My thoughts and prayers are with you and baby Nolan. As Nolan opens his eyes to the world, may his first sight and sound be of your smiling faces and the "oohs" and "aahs" coming from those who love him. Keep up your spirits and welcome baby Nolan!

Tiffany Doan

Anonymous said...

My prayers are with you all.

Steven Mitchell and family.

Kenzie said...

Continuing to pray throughout the day for you. I'm guessing you have precious Nolan in your arms right now... May God give you peace, and strength!

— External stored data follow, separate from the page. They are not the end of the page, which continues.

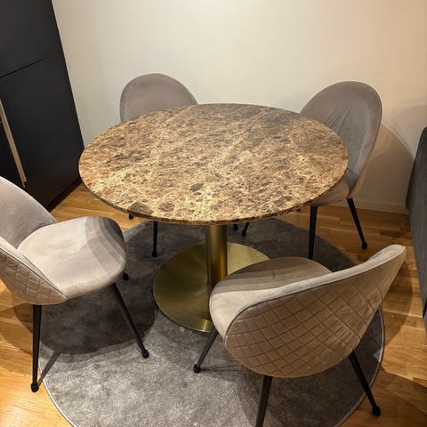 Säljer nu vårat matbord+ 4 stolar från Mio. Mattbordet är 110 cm i diameter.
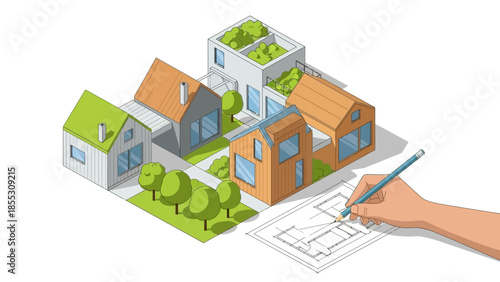 Home insurance policy stopping domino effect, flat vector isometric illustration. Home protection from theft, damage, natural disaster. Real estate, property insurance.
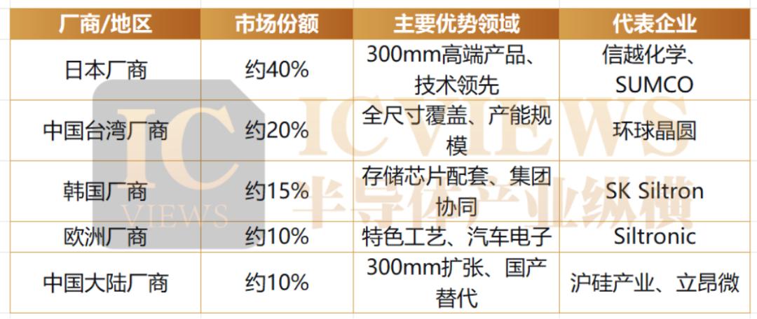 市场的复苏并未带来普天同庆的繁荣,而是像一面棱镜,将不同技术路线、不同应用前景的产品与公司清晰地分隔开来。具体来看,不同尺英寸和应用的硅片表现迥异。全球主要硅片厂商市场份额对比表清晰地反映了这一现状:
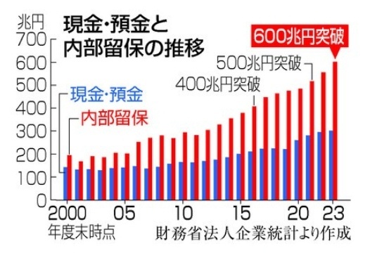#日本史上最大の汚職 大企業の内部留保が600兆円を超えた ろくに賃上げもせず、設備投資もせず一体何に使うつもりですかね?(憲法改悪のCM広告料?自民党らや財務省への巨額献金?) その600兆円の原資は、私たちから搾取した消費税 #消費税は特殊詐欺税 pic.x.com/TzSACOq5tb

Love so much... on my knees,
Kenzie

Anonymous said...

Troy, my mom sent me this and I want to let you know the Dodson Family will be praying for you guys. What a beautiful famliy you have! I've been thinking about you and your Dad alot lately. My oldest son, Bobby (8), just started his first year of football...brings back wonderful memories! I'm so happy to see your family entrenched in The Word of God! From Dean, Lydia, Alexa, Bobby and Brady Dodson- we will be praying for baby Nolan. God Bless.

Anonymous said...

We are praying for you today on this very special day. I know you were nervous about today. I know God will take care of you and baby Nolan. I know with all the prayers this sweet baby will have a blessed life. I wish I could have been there for you today, but you have been on my mind and heavy on my heart today. We will always keep you in our prayers and thoughts.

Rausch Family

Anonymous said...

Karen & Troy,
Just a note to let you know that you have been in mine and my families prayers for months. Nikki has been keeping us updated and has shared your blog with us. I have just read your posts and I feel like I have been on your journey with you. Thank you for being so open. I know this is a difficult day for you and we wish you only good things as you recover. We will be thinking about you and the girls and know that little Nolan is being well taken care of.
Love always,
Ashley Blackburn

Anonymous said...

Karen I have been thinking about you and your family constently today. You and Baby Nolan are real heavy on heart right now. I know that he will be perfect when he arrives. I know that you were nervous and I pray as I am writing this that you have found some calm now that he is finally here. I have been praying for you and your family for several months now and I assured by my faith that all is right with Baby Nolan as the Lord has seen fit.

Love you girl,

Jennifer Swayzer

Anonymous said...

I just got the news and I want you to know how much my heart goes out to your family. It has been raining all day here in NC. However, just now as the rain continues to pour, the sun is shining. It makes me think of the song on your blog, "Bring the Rain." Just know that the Son is shining through and will bring you peace.
Love,
Monica

Anonymous said...

I just wanted to let you know you and your family are in my prayers! Let me know if I can help or do anything for you!
Julie Phillips

Anonymous said...

You don't know me, but I know a few of your husband's co-workers! (Tara and Shelby) I am simply floored after reading several of your posts and seeing the strength and faith that runs wild through this family!! I'm so glad that I got to witness your strength Karen and I pray that all works out just as it's suppose to and that everyone can handle and take care of what needs to be done!!